Hospital São Paulo restringe internações

Principal referência em atendimento de urgência de alta complexidade na zona sul da capital paulista, o Hospital São Paulo vai suspender, a partir de hoje, as internações eletivas (não urgentes). O centro médico, que é vinculado à Universidade Federal de São Paulo (Unifesp), passa por crise financeira e diz sofrer com a falta de materiais e insumos essenciais para a realização dos atendimentos.

A decisão de interrupção de parte das internações foi tomada ontem pelo Conselho Gestor e pela Direção Executiva do hospital “diante da impossibilidade de manter os estoques de insumos hospitalares e medicamentos necessários para o atendimento da demanda atual” da instituição. A medida, diz o hospital, visa a “minimizar os riscos aos pacientes internados”.

Atualmente, cerca de 1,5 mil pessoas são atendidas diariamente só no pronto-socorro do hospital. Segundo a direção da instituição, a maioria delas, porém, busca o serviço como porta de entrada para consultas em especialidades médicas. Esse tipo de atendimento, por exemplo, ficará suspenso temporariamente.

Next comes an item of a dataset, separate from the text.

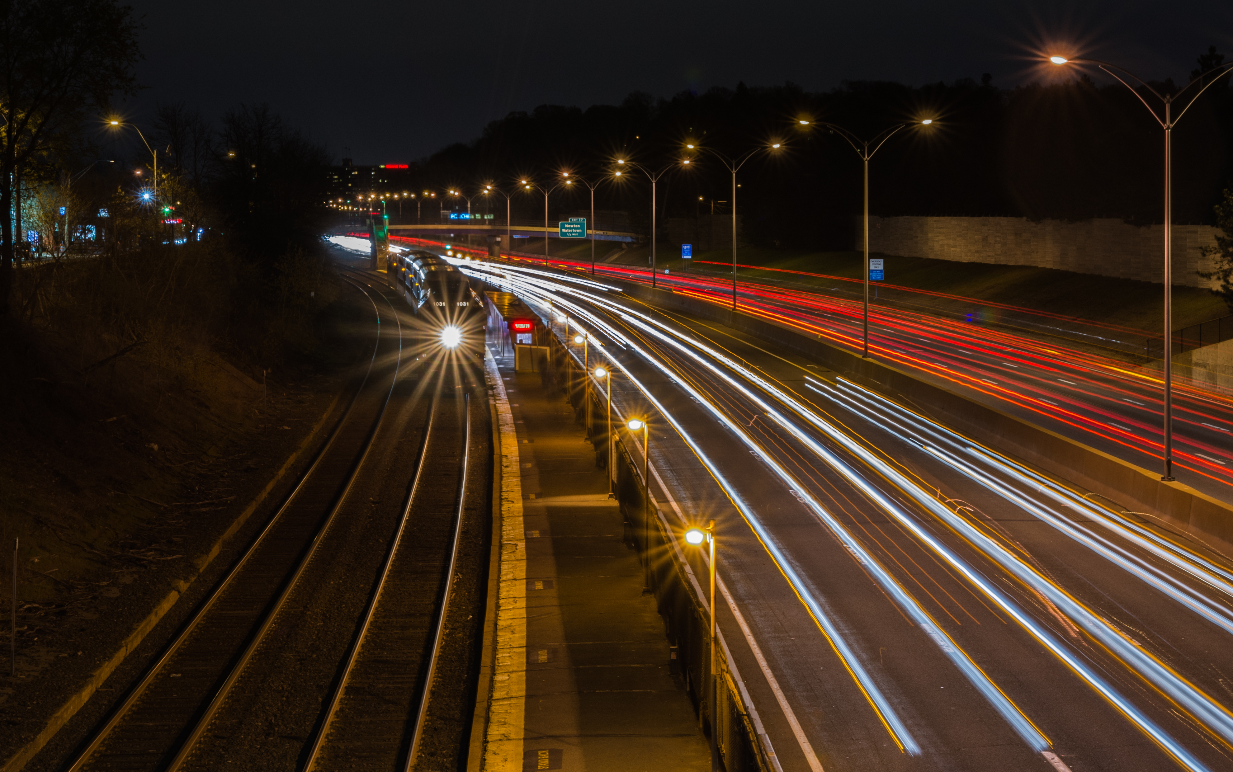 An outbound train arrives at Newtonville station at night

O atendimento ambulatorial e outros serviços, como a quimioterapia, serão mantidos.

Custeado principalmente por verba do Ministério da Saúde, o hospital disse, em nota, que as despesas da instituição cresceram 60% de 2010 a 2016 e que a direção chegou a buscar empréstimos bancários e contrair dívidas com fornecedores.

Afirmou ainda que os gestores estadual (Secretaria da Saúde) e federais (Ministérios da Saúde e da Educação) estão cientes, “pois são alertados constantemente” pela direção do Hospital São Paulo “das dificuldades financeiras e assistenciais da instituição – agora agravadas pela crise na economia e o consequente aumento da migração de pessoas para o SUS (Sistema Único de Saúde).”

A crise do Hospital São Paulo, de fato, não é nova. Em junho de 2015, a direção da instituição também suspendeu temporariamente as internações eletivas pelas mesmas razões.

Respostas

Questionado sobre a situação do centro médico, o Ministério da Saúde afirmou que o repasse de recursos é realizado por meio da Secretaria Estadual da Saúde de São Paulo, que recebe a verba federal a ser enviada ao hospital dentro do montante total de recursos para média e alta complexidade (MAC) do Estado. Segundo o ministério, são repassados ao governo estadual anualmente R$ 8,6 bilhões somente para procedimentos do grupo MAC e, além deste valor, diz o órgão federal, São Paulo recebeu um acréscimo de R$ 246 milhões em 2016. O ministério afirma ainda repassar R$ 53,9 milhões por ano diretamente ao Hospital São Paulo.

A Secretaria Estadual da Saúde disse que o Hospital São Paulo é um serviço federal e que, além de transferir os recursos do ministério para a unidade, auxilia o hospital de forma “totalmente voluntária”, tendo repassado à instituição, desde 2015, mais de R$ 200 milhões. As informações são do jornal O Estado de S. Paulo.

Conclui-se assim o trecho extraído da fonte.